宋關行看過宋羽河的考勤記錄,發現這一個多月以來他很少去上課,伏恩里大學的老師對天才也有優待,更何況宋羽河逃課并不是為了玩,要么是出去修東西,要么待在研究室里研究仿生人,所以也沒人管他。
我給你請假了。宋關行說,你的獎品下周大概就能送來。
宋羽河一驚,迷瞪著抬頭看他:這么快?但老師不是說定制需要好久嗎?我昨天才把定制的型號和要求交上去。
宋關行將總部制作零件公司的一個部門全部拿來給宋羽河定制仿生人,下周才能研制好已經讓宋關行很不滿了,但見宋羽河這么吃驚,他也打消再去催催的念頭。
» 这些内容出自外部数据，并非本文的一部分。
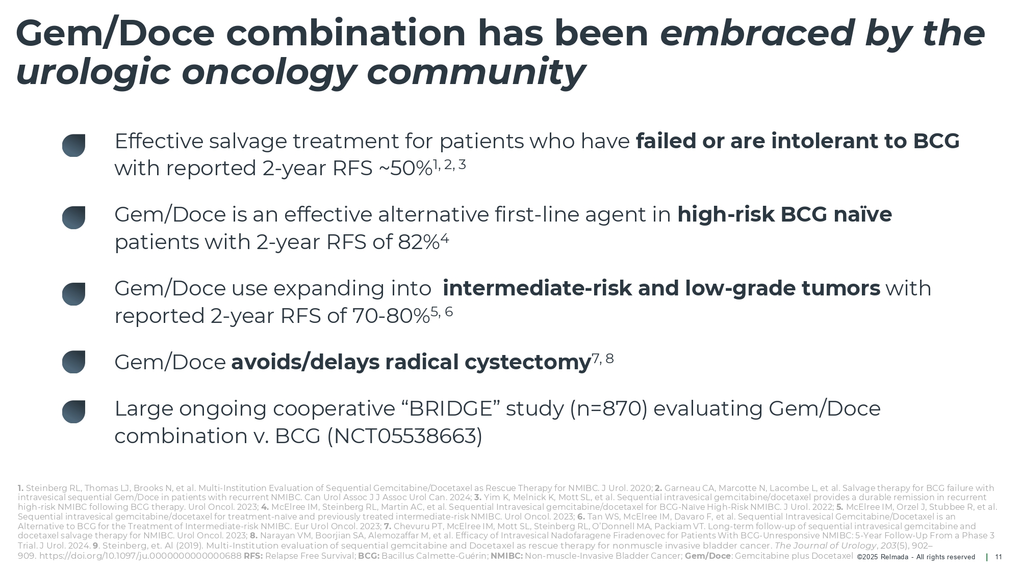 Gem/Doce combination has been embraced by the urologic oncology community 11 Effective salvage treatment for patients who have failed or are intolerant to BCG with reported 2 - year RFS ~50% 1, 2, 3 Gem/Doce is an effective alternative first - line agent in high - risk BCG naïve patients with 2 - year RFS of 82% 4 Gem/Doce use expanding into intermediate - risk and low - grade tumors with reported 2 - year RFS of 70 - 80% 5, 6 Gem/Doce avoids/delays radical cystectomy 7, 8 Large ongoing cooperative “BRIDGE” study (n=870) evaluating Gem/Doce combination v. BCG (NCT05538663) 1. Steinberg RL, Thomas LJ, Brooks N, et al. Multi - Institution Evaluation of Sequential Gemcitabine/Docetaxel as Rescue Therapy for NMIBC. J Urol. 2020; 2. Garneau CA, Marcotte N, Lacombe L, et al. Salvage therapy for BCG failure with intravesical sequential Gem/Doce in patients with recurrent NMIBC. Can Urol Assoc J J Assoc Urol Can. 2024; 3. Yim K, Melnick K, Mott SL, et al. Sequential intravesical gemcitabine/docetaxel provides a durable remission in recurrent high - risk NMIBC following BCG therapy. Urol Oncol. 2023; 4. McElree IM, Steinberg RL, Martin AC, et al. Sequential Intravesical gemcitabine/docetaxel for BCG - Naïve High - Risk NMIBC. J Urol. 2022; 5. McElree IM, Orzel J, Stubbee R, et al. Sequential intravesical gemcitabine/docetaxel for treatment - naïve and previously treated intermediate - risk NMIBC. Urol Oncol. 2023; 6. Tan WS, McElree IM, Davaro F, et al. Sequential Intravesical Gemcitabine/Docetaxel is an Alternative to BCG for the Treatment of Intermediate - risk NMIBC. Eur Urol Oncol. 2023; 7. Chevuru PT, McElree IM, Mott SL, Steinberg RL, O’Donnell MA, Packiam VT. Long - term follow - up of sequential intravesical gemcitabine and docetaxel salvage therapy for NMIBC. Urol Oncol. 2023; 8. Narayan VM, Boorjian SA, Alemozaffar M, et al. Efficacy of Intravesical Nadofaragene Firadenovec for Patients With BCG - Unresponsive NMIBC: 5 - Year Follow - Up From a Phase 3 Trial. J Urol. 2024. 9 . Steinberg, et. Al (2019). Multi - Institution evaluation of sequential gemcitabine and Docetaxel as rescue therapy for nonmuscle invasive bladder cancer. The Journal of Urology , 203 (5), 902 – 909. https://doi.org/10.1097/ju.0000000000000688 RFS: Relapse Free Survival; BCG: Bacillus Calmette - Guérin; NMIBC: Non - muscle - Invasive Bladder Cancer; Gem/Doce : Gemcitabine plus Docetaxel ©2025 Relmada - All rights reserved

今年應該比較特殊吧。宋關行模棱兩可地說,快了不好嗎?
宋羽河用力一點頭:嗯,好的!
宋關行見他高興,自己也像是吃了糖一樣,不自覺浮現一個笑容。
片刻后,兩人到了醫院。
給宋羽河檢查的醫生已經準備好了儀器,將宋羽河帶進去就開始有條不紊地檢查他的身體。
宋羽河被人各種擺弄,一會檢查腦袋,一會又檢查心臟,架勢大得宋羽河滿臉懵逼。
不是只檢查腳嗎?
因為那入體的流銀,宋關行不放心宋羽河的身體,給他做了全身檢查,從七點半做到九點還沒停。
宋關行在外面焦急等著,唯恐哪一項出現問題。
盛臨今天難得沒有戲份,聽說宋羽河在做檢查,買了花束過來看他。
宋關行還在心里大罵薄嶠那個老色批,見到盛臨過來,迫不及待地想要找認同:你覺得薄嶠這個人怎么樣?